Science  19 Jul 1996:
Vol. 273, Issue 5273, pp. 287
  1. Planetary potpourri

    Four papers in this issue focus on studies of the outer planets and their satellites. Cho and Polvani (p. 335) describe numerical simulations, using a shallow water model, that capture the enigmatic jets and eddies and strongly zonal atmospheric flow of the giant planets. These results are discussed further in a Perspective by Gierasch (p.320). Kivelson et al. (p.337) describe results from the Galileo probe implying that Jupiter's moon Io has a strong magnetic field, perhaps produced by dynamo action as on Earth and Mercury.
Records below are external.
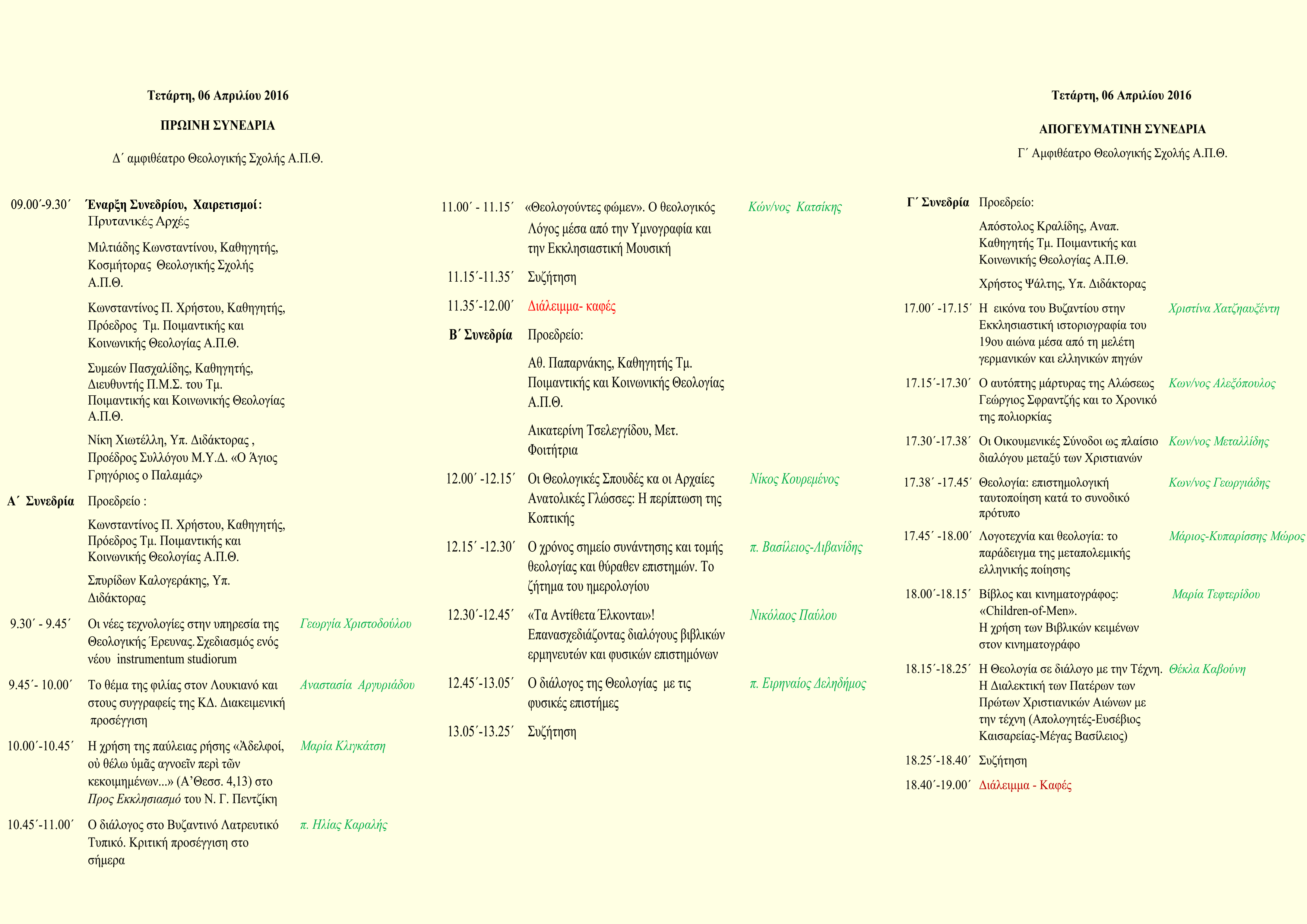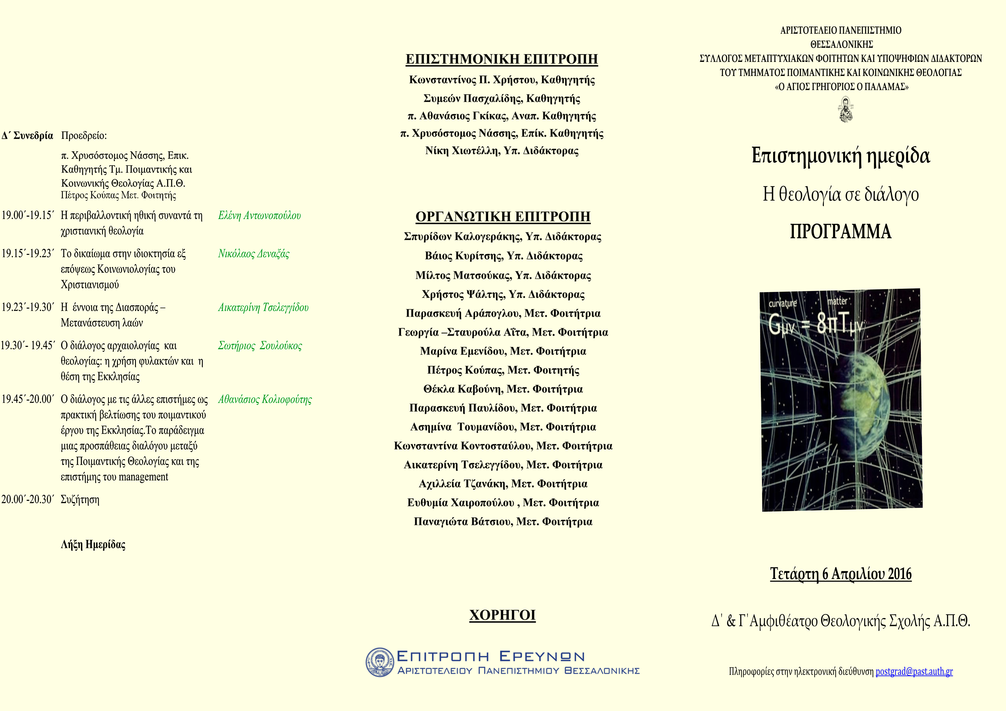 Ο Σύλλογος Μεταπτυχιακών και Υποψηφίων Διδακτόρων του Τμήματος Ποιμαντικής και Κοινωνικής Θεολογίας “O Άγιος Γρηγόριος ο Παλαμάς” διοργανώνει την Τετάρτη΄6 Απριλίου  2016 Επιστημονική Ημερίδα με θέμα “Η Θεολογία σε Διάλογο”.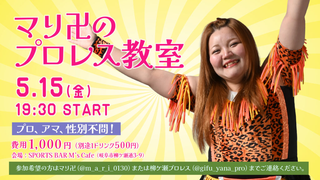 柳ケ瀬プロレスは、岐阜市の中心市街地・柳ケ瀬商店街を本拠地とするプロレス団体です。2017年の旗揚げ以来今年で8周年を迎え、「プロレスで岐阜を盛り上げる!」という変わらぬモットーのもと、日々活動を続けております。リング常設の会場「SPORTS BAR M’s Cafe」にて、毎月第1・第3土曜日に柳ケ瀬プロレス本体興行を、毎月第2・第4金曜日に「フライデーナイトマッチ」を定期開催しております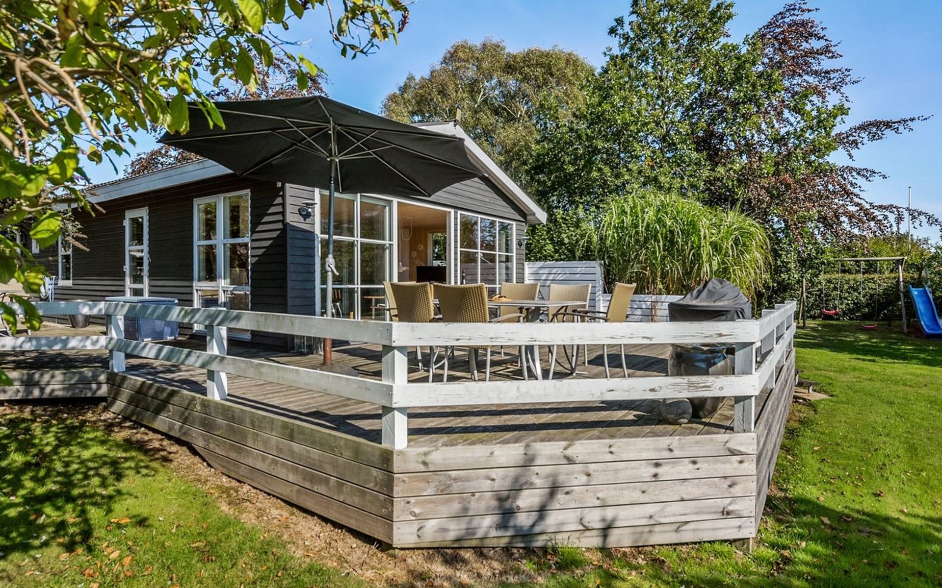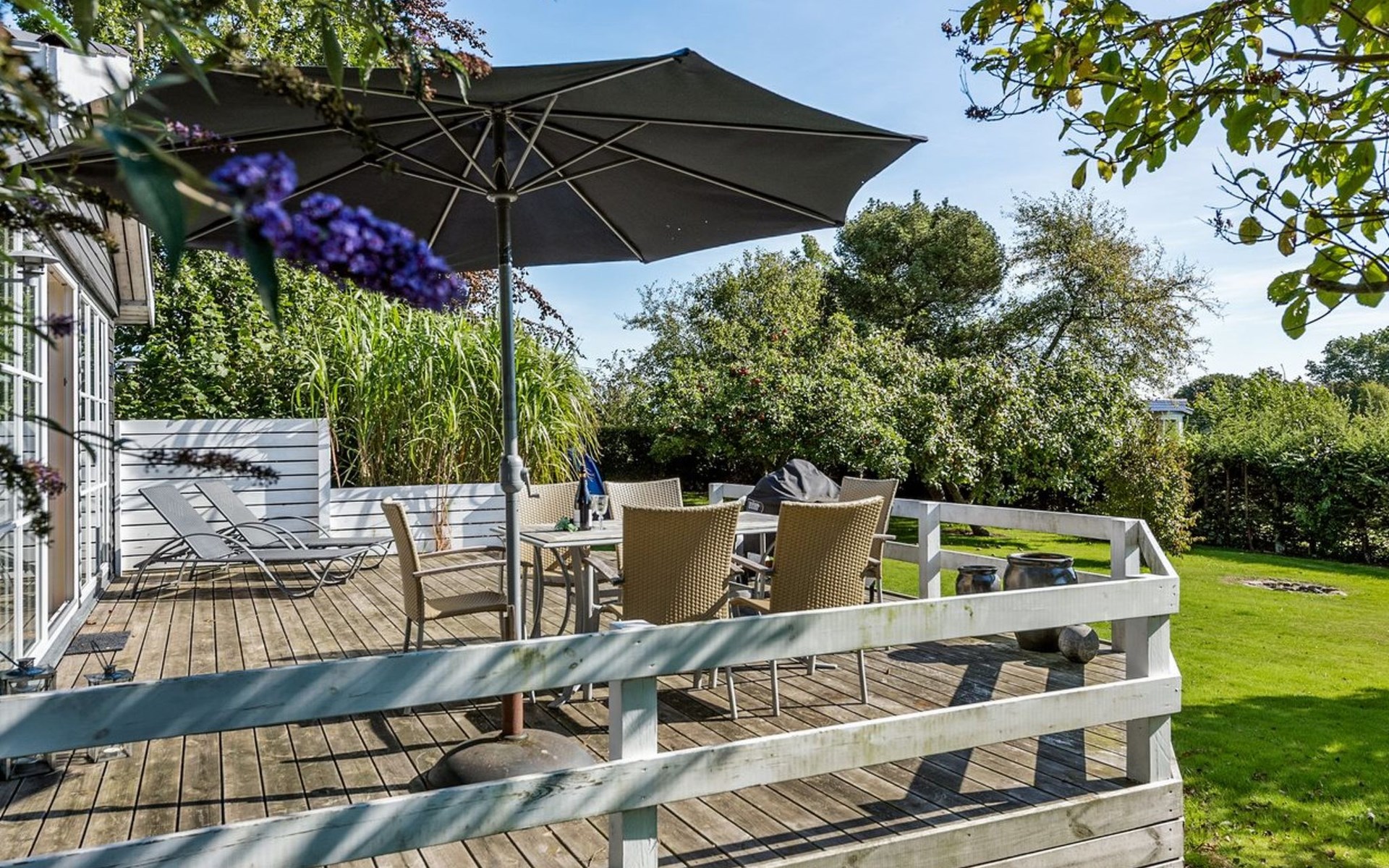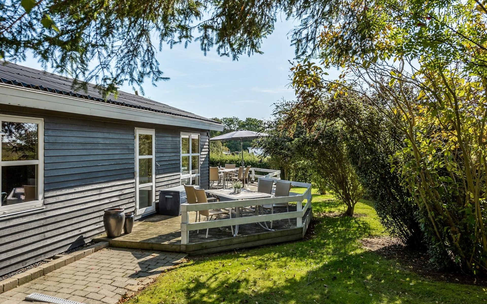 Single-family house, built in 1969. 600 m from the sea. Private: property 890 m2, well-kept garden. Terrace (25 m2), barbecue, children's playground (swing). In the house: washing machine, tumble dryer. Parking at the house. Carport. Grocery 5 km. The owner does not accept any youth groups.

These results complement earlier detection, through gravity data, of the presence of a large, presumably iron-rich core in Io (Science, 3 May 1996, p. 709). Finally, Noll et al. (p. 341) report the detection, using the Hubble Space Telescope, of ozone trapped in the surface ice of Jupiter's moon Ganymede.

  2. Superconducting gap

    The mechanism for high-temperature superconductivity in copper oxides is not understood, nor are the properties of the normal states in these materials. Loeser et al. (p.325) present electron photoemission data that indicate the presence of an energy gap in the normal state of the bismuth-strontium-calcium cuprate compound. As Ong describes in an accompanying Perspective (p. 321), these results may be consistent with a picture in which the singlet spins form pairs prior to the onset of superconductivity.

  3. Feeling stressed out

    How muscles and various sense organs perceive that they are being stretched or deformed has been poorly understood. Liu et al. (p. 361) have now shown that a putative sodium channel found in the worm Caenorhabditis elegans may provide the key to mechanosensitivity through an interaction with the extracellular matrix. Anchoring of channels to the extracellular matrix could provide the physical basis by which ions flow, for example, into a stretched muscle and thus stimulate contraction.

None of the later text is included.